Rotation Speed = 7200 rpm

No. of tracks on one side of platter = 30000

No. of sectors per track = 600

Seek time for every 100 track traversed = 1 ms

To find:

Average Seek Time.

Average Rotational Latency.

Transfer time for a sector. Total Average time to satisfy a request.

Explanation:

a) As given, the disk head starts at track O. At this point the seek time is 0.

Seek time is time to traverse from 0 to 29999 tracks (it makes 30000)

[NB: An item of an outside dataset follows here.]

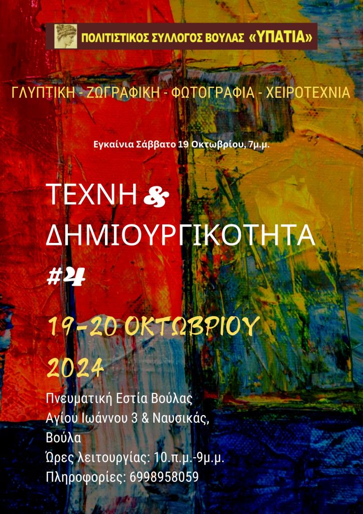 In addition to the earlier art exhibitions organized by the Cultural Association of Voula “Hypatia” (President Ifigenia Amorgianou), at other venues, the association’s autumn exhibition “Art and Creativity” has become an institution of the southern suburbs, a creative dialogue between the many art forms created in the region, but not only in it.

Average Seek Time is the time taken by the head

to move from one track to another/2

29999 / 2 = 14999.5 ms

As the seek time is one ms for every hundred

tracks traversed. So the seek time for 29,999 tracks traversed is

14999.5/100 = 149.995 ms

b) The rotations per minute are 7200

1 min = 60 sec

7200 / 60 = 120 rotations / sec

Rotational delay is the inverses of this. So 1/120 = 0.00833 sec

= 0.00833 * 100

= 0.833 ms

So there is 1 rotation is at every 0.833 ms

Average Rotational latency is one half the amount of time taken by disk to make one revolution or complete 1 rotation.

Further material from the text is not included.